Synthèse d’un article publié en coopération avec le XVe Congrès international du terroir, 18-22 novembre 2024, Mendoza, Argentine. Rédacteurs invités : Federico Berli, Jorge Prieto et Martín Fanzone. Auteurs : Cassandra Collins, Stuart Bloomfield, Lauren Hansen, Matthew Gilliham. OENO One Vol. 58 No. 4 (2024). DOI: https://doi.org/10.20870/oeno-one.2024.58.4.8192
Titre original : Can silica application enhance vine performance and quality?
Résumé
La sensibilisation des consommateurs à la durabilité environnementale et leur préoccupation pour la sécurité et la qualité des aliments entraînent une demande accrue de produits biologiques et biodynamiques (BD). À cela s’ajoute un environnement plus difficile sur le plan physique et économique, qui pousse les producteurs à explorer des modes de production plus durables. La viticulture biodynamique présente des avantages à la fois environnementaux et commerciaux et implique l’utilisation d’une série de neuf préparations destinées au sol et aux plantes. La préparation biodynamique 501 est à base de silice et son utilisation annuelle est minimale pour les producteurs certifiés. Des études contradictoires font état de pulvérisations foliaires à base de silicium suscitant des réactions favorables des plantes en termes d’amélioration de la qualité, du rendement et de la résistance aux parasites et aux maladies. Ici, la croissance de la vigne, les composantes du rendement, les analyses de la composition des raisins et du vin ainsi que des évaluations sensorielles ont été menées sur deux saisons pour comparer les effets des traitements biodynamiques et d’autres formulations commerciales à base de silice par rapport à un contrôle (application d’eau) sur des vignes de Sémillon et de Cabernet-Sauvignon (Vitis vinifera L.). Au cours des deux saisons, des différences de rendement et de croissance de la vigne ont été observées.
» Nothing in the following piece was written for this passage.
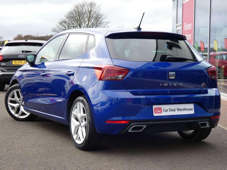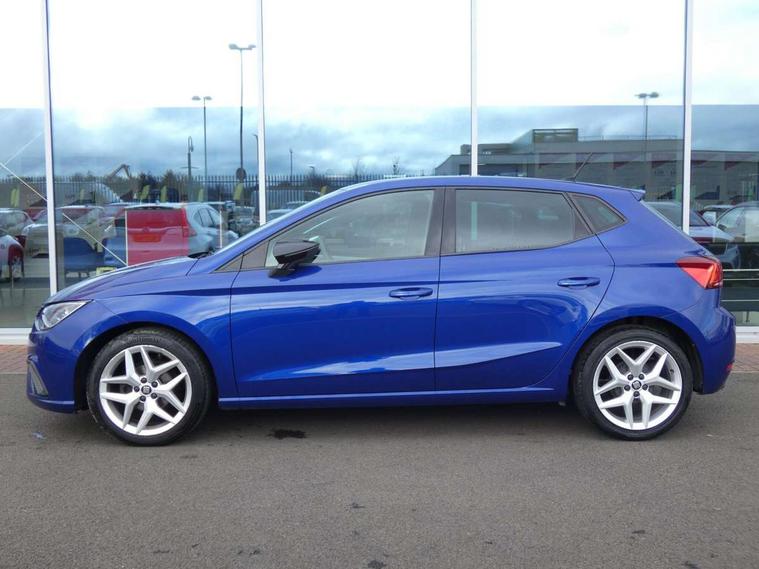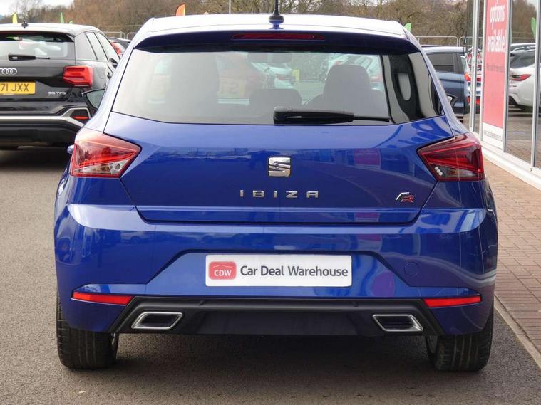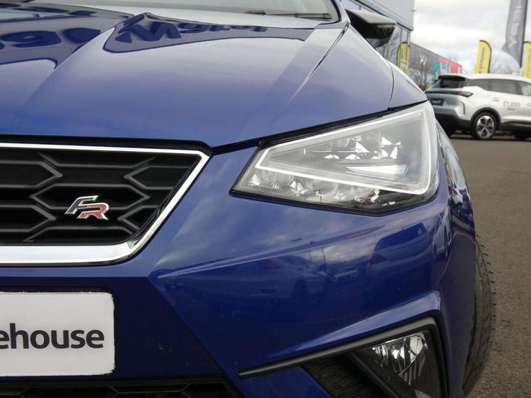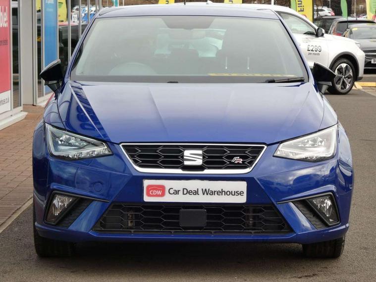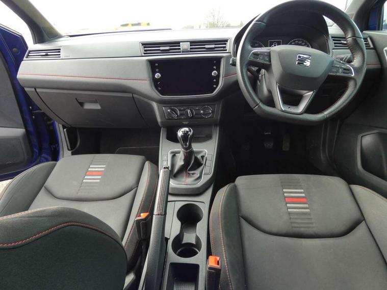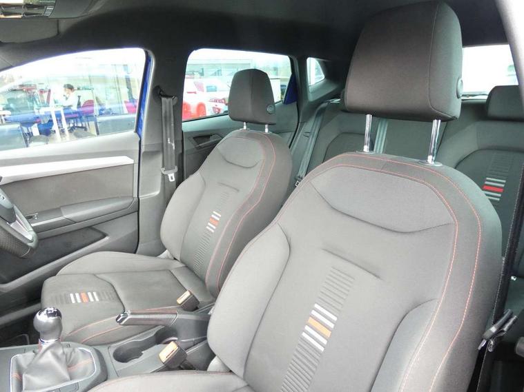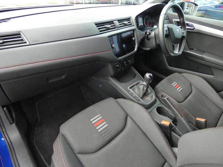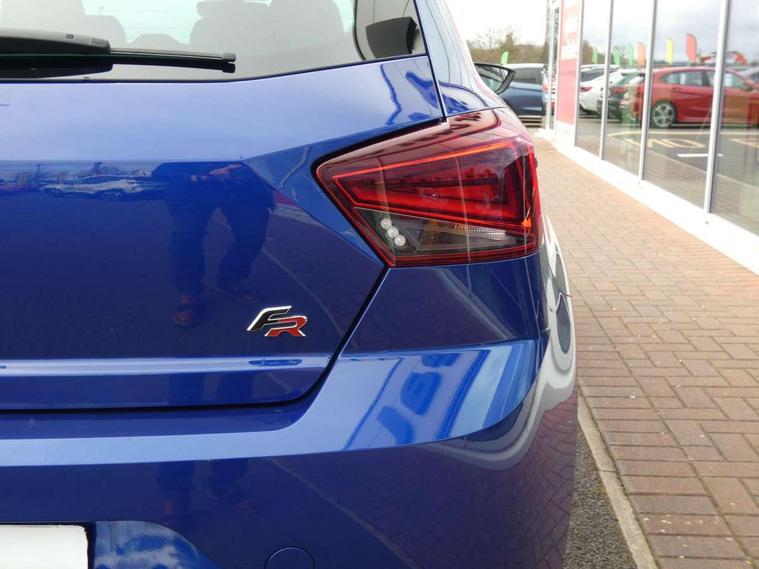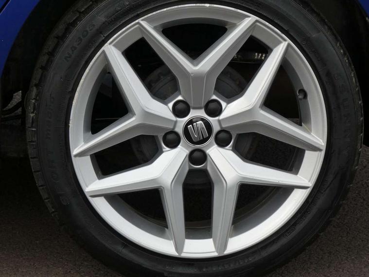 'Lights On' Reminder warning buzzer, Bluetooth Handsfree Phone Connection, Cruise control, Digital clock, Full Link Smartphone Integration with Mirror Link, Apple Car Play, Google Android Auto, Low fuel warning light, Outside temperature gauge, Power Steering, Satellite navigation system with 3D mapping, 8" touch screen, voice control and additional USB port, SEAT Drive profile, SEAT logo boot release, Trip computer, Sports suspension, 6 speakers, Auxiliary input socket, CD player, Digital Audio Broadcast (DAB) Tuner, Radio/MP3 player, SD card slot, SEAT USB media cable, Steering wheel mounted controls, USB port, Anti theft roof antenna, Auto dimming rear view mirror, Automatic headlights, Automatic rain sensing wipers, Body colour bumpers, Body colour door handles, Brilliant black door mirrors, Chrome front grille frame, Chrome grille, Coming/leaving home lighting function, Cornering front fog lights, Dark tinted rear windows, Electric folding door mirrors, Electric front windows, Electric headlight adjustment, Electrically adjustable and heated door mirrors, Exclusive FR rear bumper, Full LED headlights, LED daytime running lights, LED tail lights, Rear fog lights, Twin exhaust pipes, 3 rear headrests, 60/40 split folding rear seat, Air conditioning, Door and steering wheel ice metal decorative inserts, Driver's sunvisor with ticket holder/vanity mirror, Dust/pollen filter, Flat bottomed perforated leather steering wheel with red stitching and FR logo, Front courtesy lights, Front cupholders x 2, Front reading lights, Gear shift indicator, Glovebox, Height adjustable driver's seat, Height adjustable front/rear head restraints, Height adjustable passenger seat, Height/reach adjust steering wheel, Illuminated boot, Instrument lighting with brightness control, Leather handbrake, Multi-colour ambient interior lighting, Nora cloth upholstery, Passenger sunvisor, Rear top tether child seat ISOFIX attachment, Sports seats, Full LED headlight pack - Ibiza, 3 point seatbelts on all 3 rear seats, ABS, Active front headrests, Child locks on rear doors, Curtain airbags, Driver/Front Passenger airbags, ESP+EBA, Front assist (AEB), Front passenger airbag deactivation, Front side airbags, Hill hold control, Multi-Collision braking, Seatbelt warning, Tiredness recognition system, Tyre pressure monitoring system, Electronic engine immobiliser, Locking wheel bolts, Remote central locking + deadlocks, Volumetric alarm with back up horn, Leather dashboard, 17" Dynamic alloy wheels,

En général, le rendement était plus élevé avec l’application de silice biodynamique et de silicate de potassium. Les attributs de base de la composition des raisins, à savoir le pH, l’acidité totale, les matières en suspension et les anthocyanes et composés phénoliques totaux, ne présentaient que peu ou pas de différences. L’analyse descriptive sensorielle des baies et du vin a révélé des différences significatives dans les attributs liés aux tanins de la peau et des pépins, ce qui implique que ces analyses peuvent mieux détecter des variations subtiles mais importantes dans le vignoble. Les résultats de cette étude suggèrent une corrélation directe entre le silicium et les polyphénols, qui pourrait influencer les caractéristiques sensorielles en bouche par des changements dans l’épaisseur et/ou la structure de la peau. Cette étude indique que l’application de silice peut avoir un impact positif sur les performances et la qualité de la vigne.
Introduction
Ces derniers temps, on a observé une exploration accrue des méthodes agricoles visant à être plus respectueuses de l’environnement et plus durables, telles que la réduction de la dépendance aux engrais synthétiques et aux produits chimiques, y compris l’utilisation de pratiques agricoles biologiques et biodynamiques (Döring et al., 2019). L’agriculture biodynamique implique l’utilisation de neuf préparations clés qui sont appliquées selon le calendrier lunaire (Boeringa, 1980 ; Steiner, 2004 ; Klett, 2006). Les préparations comprennent de la bouse de vache maturée (500), de la silice de quartz broyée et maturée (501), des combinaisons d’organes d’animaux et de fleurs maturées (502, 503, 506), des orties fanées maturées (504), de l’écorce de chêne humidifiée et décomposée (puis séchée) (505), de l’extrait de fleur de valériane (507) et de l’extrait concentré de prêle (508) [Boeringa, 1980 ; Steiner, 2004]. Il existe des preuves non confirmées des avantages de l’agriculture biodynamique, mais d’autres recherches ont donné des résultats incohérents. Les avantages rapportés de l’agriculture biodynamique comprennent une diversité et une activité microbiennes accrues du sol par rapport à l’agriculture conventionnelle (Carpenter-Boggs et al., 2000a ; Mäder et al., 2002 ; Probst et al., 2008 ; Collins et al., 2015), des populations de vers de terre plus importantes (Zaller et Köpke, 2004 ; Collins et al., 2015), des taux de décomposition accrus dans le sol (Zaller et Köpke, 2004), une augmentation de la matière organique du sol (Carpenter-Boggs et al., 2000a ; Gomiero et al., 2011) et une réduction des populations de mauvaises herbes (Carpenter-Boggs et al., 2000b). Dans les vignes, les méthodes biodynamiques ont démontré qu’elles permettaient d’obtenir un équilibre idéal de la vigne et de produire des fruits de haute qualité (Reeve et al., 2005). Les vins issus de fruits produits de manière biodynamique ont été décrits comme étant plus complexes, plus frais et plus vibrants que les vins conventionnels (Collins et al., 2015).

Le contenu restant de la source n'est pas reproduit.